* [Problem requirements]: Everything in the data should be repeated exactly, save for the images.

* [Input data]:
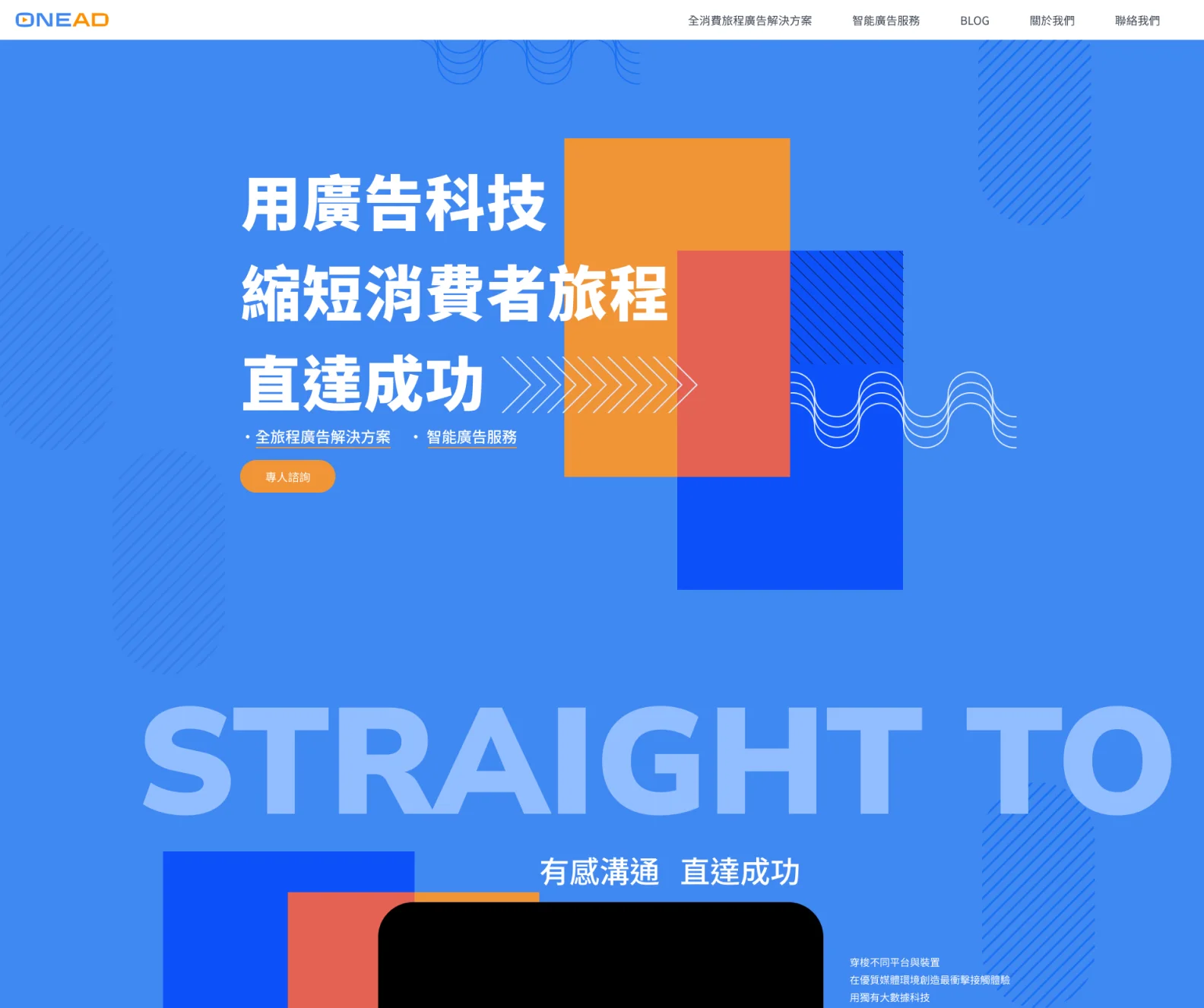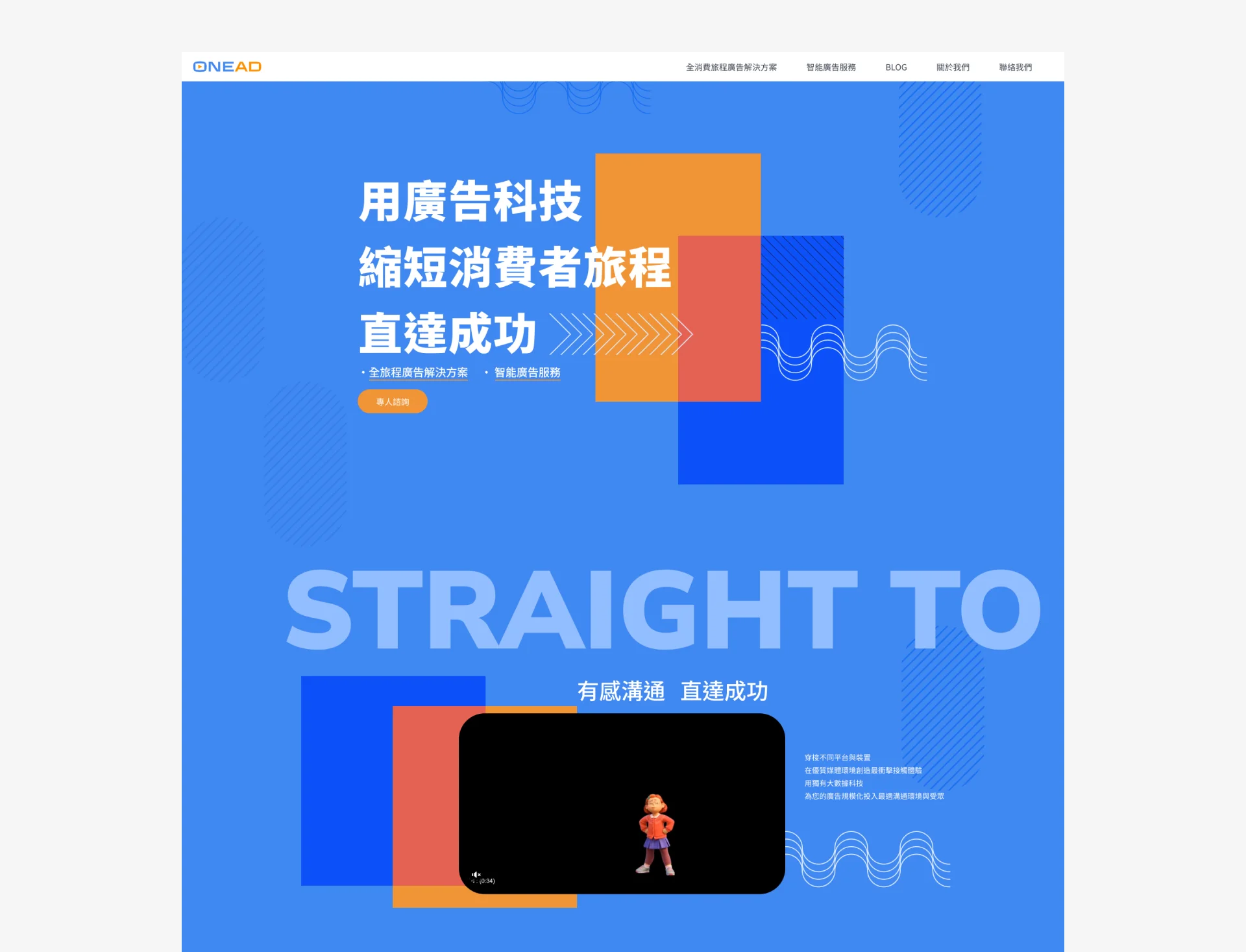 以「智能品牌廣告科技」為核心概念,強調以數據與 AI 技術驅動全消費旅程的廣告解決方案。網站設計呈現出科技感與專業感並重,色彩以明亮且具現代感的配色為主,搭配動態視覺元素,讓使用者能迅速理解 OneAD 提供的價值。網站的設計重點在於「直達成功」,透過動態圖像與視覺引導,傳達從品牌知名度拓展到精準導流的完整服務流程。
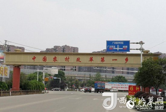 “中國農(nóng)村改革第一鄉(xiāng)”牌坊。(記者陳曦 攝)
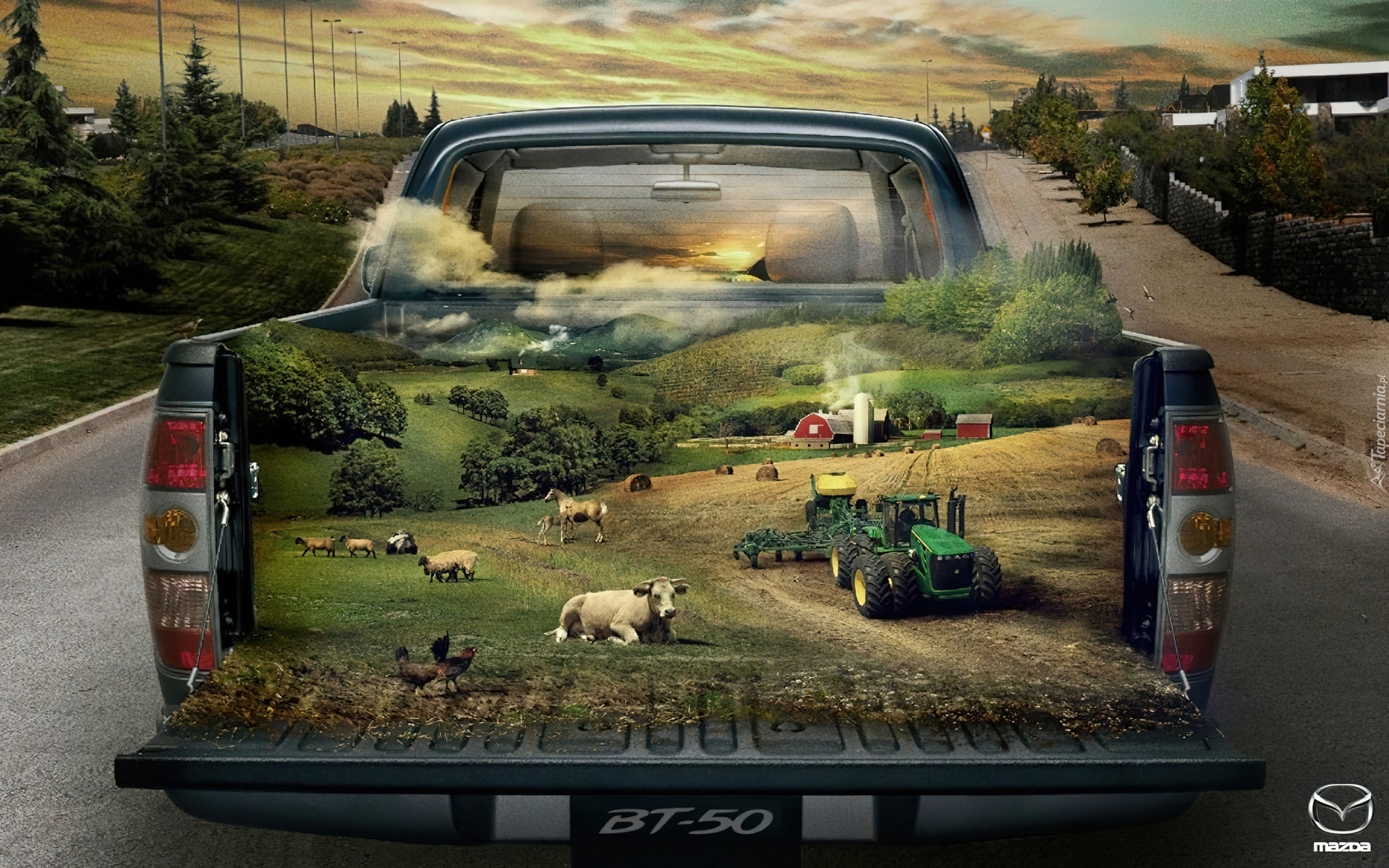 Edytor tapety: Mazda, Pole, Traktor
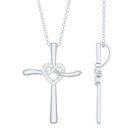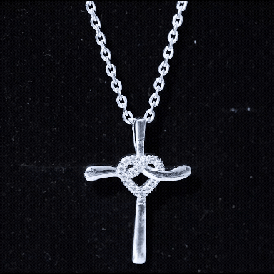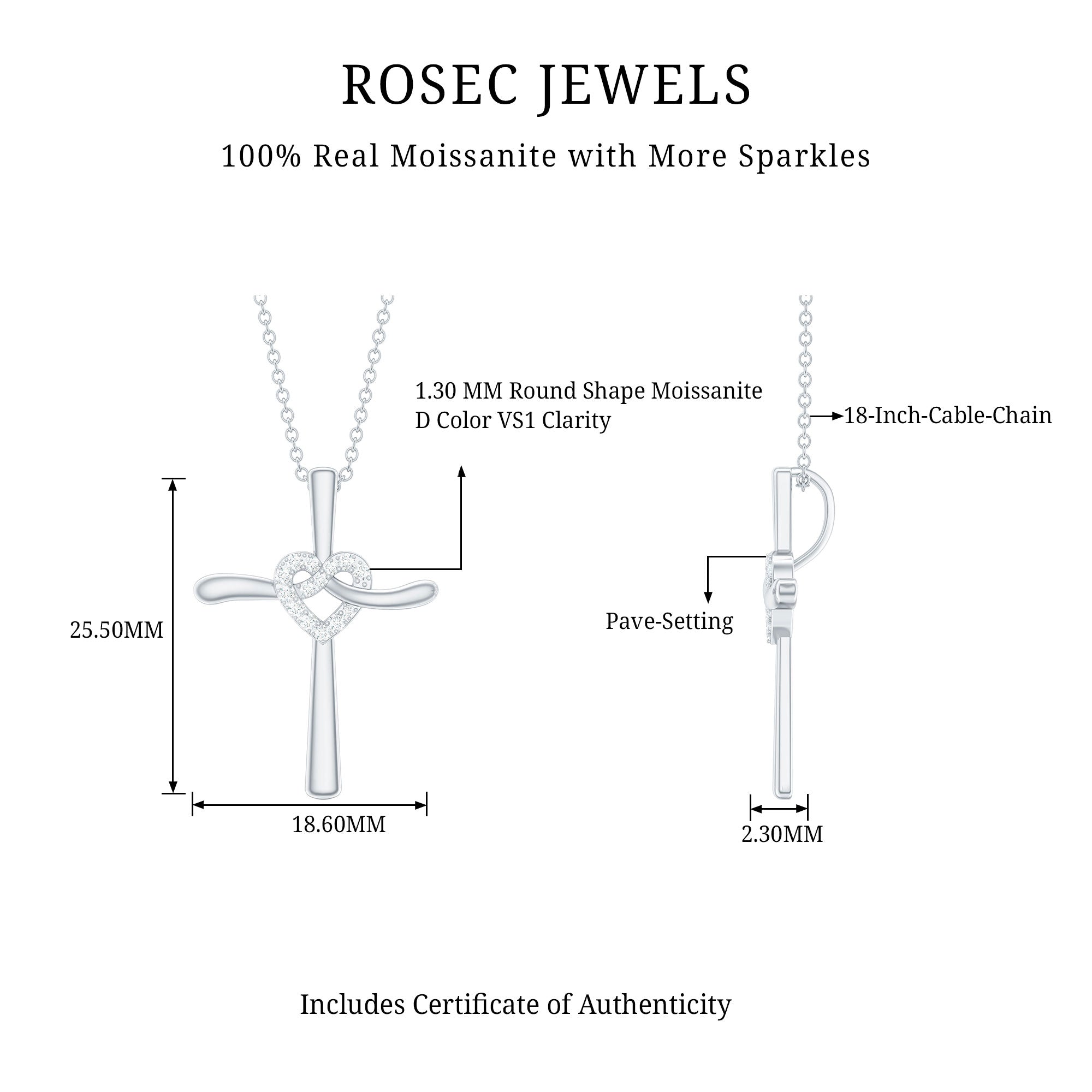 Certified Moissanite Cross Heart Pendant Necklace with Silver Chain

* [Task answer]:
 以「智能品牌廣告科技」為核心概念,強調以數據與 AI 技術驅動全消費旅程的廣告解決方案。網站設計呈現出科技感與專業感並重,色彩以明亮且具現代感的配色為主,搭配動態視覺元素,讓使用者能迅速理解 OneAD 提供的價值。網站的設計重點在於「直達成功」,透過動態圖像與視覺引導,傳達從品牌知名度拓展到精準導流的完整服務流程。
 “中國農(nóng)村改革第一鄉(xiāng)”牌坊。(記者陳曦 攝)
 Edytor tapety: Mazda, Pole, Traktor
 Certified Moissanite Cross Heart Pendant Necklace with Silver Chain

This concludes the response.